Complete or partial trisomy 3 in gastro-intestinal MALT lymphomas co-occurs with aberrations at 18q21 and correlates with advanced disease stage: A study on 25 cases

Abstract

Key Words: MALT lymphoma, Trisomy 3, Trisomy 18

TO THE EDITOR

Taji et al[1] have reported in their study on 13 patients with gastric mucosa-associated lymphoid tissue (MALT) lymphomas an aggressive tumor course in trisomy 3 positive cases. The authors analyzed only stage I patients with classical low-grade marginal zone lymphoma of the MALT type and detected the trisomy 3 using an alpha-satellite DNA probe directed to the centromere. Their data support the observation that trisomy 3 is the most frequent cytogenetic aberration in MALT lymphomas[2,3].

In our previous published series[4] of 29 surgically resected gastrointestinal (GI) t(11;18) negative MALT lymphomas, we have described an adverse prognostic impact of trisomy 18q21 detected by a MALT1-specific fluorescence in situ hybridization (FISH) probe, especially in the lymphomas with high grade component. We have additionally studied 25 of the previously reported GI lymphomas including 7 low grade marginal zone lymphomas and 18 GI diffuse large B-cell lymphomas (DLBCL, including 3 cases with low grade lymphoma component) diagnosed in stage I (n = 8) and in stage >II (n = 17) for complete and partial trisomies 3 using FISH probes for the centromere of chromosome 3 (Vysis, Downer’s Groove, IL, USA) as well as for the BCL6 gene at 3q27 (flanking BAC clones RP11- 528E8 and 690C8)[5]. The latter double-color assay was selected because it targets the critically gained band of chromosome 3 in MALT lymphomas and can detect breakpoints affecting the BCL6 locus, which are recurrent in extranodal DLBCL. For each hybridization, we evaluated 100 cell nuclei. The cut-off level, defined as mean false positive rate (determined in normal gastric mucosa and samples from Helicobacter pylori gastritis) plus three standard deviations, was 5.4% for the centromere 3 probe (trisomy). For the BCL6 probe mix no split or gain of signals was observed in the control samples, but according to the literature, the cut-off level for the detection of trisomy 3q27 or BCL6 breaks was set to 3%[5].

In agreement with the previously published studies, we detected trisomy 3q27 as the most frequent aberration in GI MALT lymphomas, occurring in 9/25 (36%) of the cases. In three of these nine cases, trisomy 3 was indicated by the presence of supernumerary signals for both the centromeric region and the BCL6 locus, whereas in the remaining six cases, a gain of 3q27/BCL6 was detected without a change in the number of centromere signals (partial trisomy 3q27). The only positive stage I lymphoma showed a partial trisomy 3q27. In three cases of the DLBCL subset, one with trisomy 3 and two with partial trisomy 3q27, a separation of the BCL6 signal pair was additionally detected indicating both a BCL6 translocation (two cases potentially with BCL6/IGH rearrangement) and overrepresentation of proximal/distal 3q27.

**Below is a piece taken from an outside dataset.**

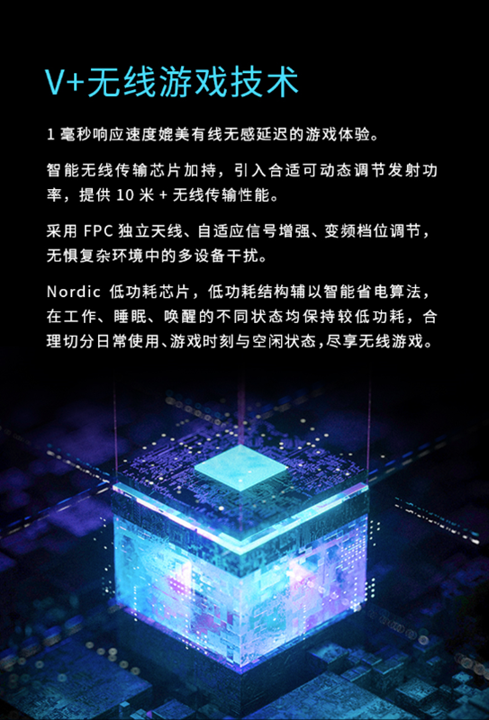 以技术研发为核心,以市场需求为指导,凭借强大的研发实力,独立开发定制雷柏轴、雷柏微动、游戏芯片等核心产品部件。Qi无线充电、OLED显示屏、防水防尘、板内存、云存储等个性化功能,解决了玩家需求的痛点。V+无线游戏技术提高了优化电池寿命、低延迟、抗干扰、使用距离,探索了电子体育的未来。

Trisomies 3q27 were present in 1/8 (13%) stage I and 8/17 (47%) stage >II diseases indicating a significant (P<0.01; χ² test) association of trisomy 3q27 with lymphoma dissemination. There was a strong correlation between the occurrence of trisomies 18q21/MALT1 and 3q27/BCL6 in the present series of GI MALT lymphomas with 5/6 (83%) 18q21 positive tumors carrying both aberration and only 1/6 (17%) case showing trisomy 18q21 without trisomy 3q27 (P<0.05). We have previously reported that trisomy 18q21/MALT1 to be associated with an unfavorable prognosis in the same series of surgically resected GI MALT lymphomas, which was particularly pronounced in the DLBCL subset[4]. With regard to trisomy 3q27, we observed a trend towards an inferior survival too, P = 0.0727.

Our data highlight that partial trisomies of chromosomes 3 and 18 have to be taken into account when evaluating the course of GI MALT lymphomas. Roughly two-thirds of the gains on the respective chromosomes might not include the centromeric region. Moreover, the co-occurrence of trisomies 3q27 and 18q21 in our group of surgically resected GI MALT lymphomas points to a possible interaction of both loci, especially in patients with an advanced stage disease.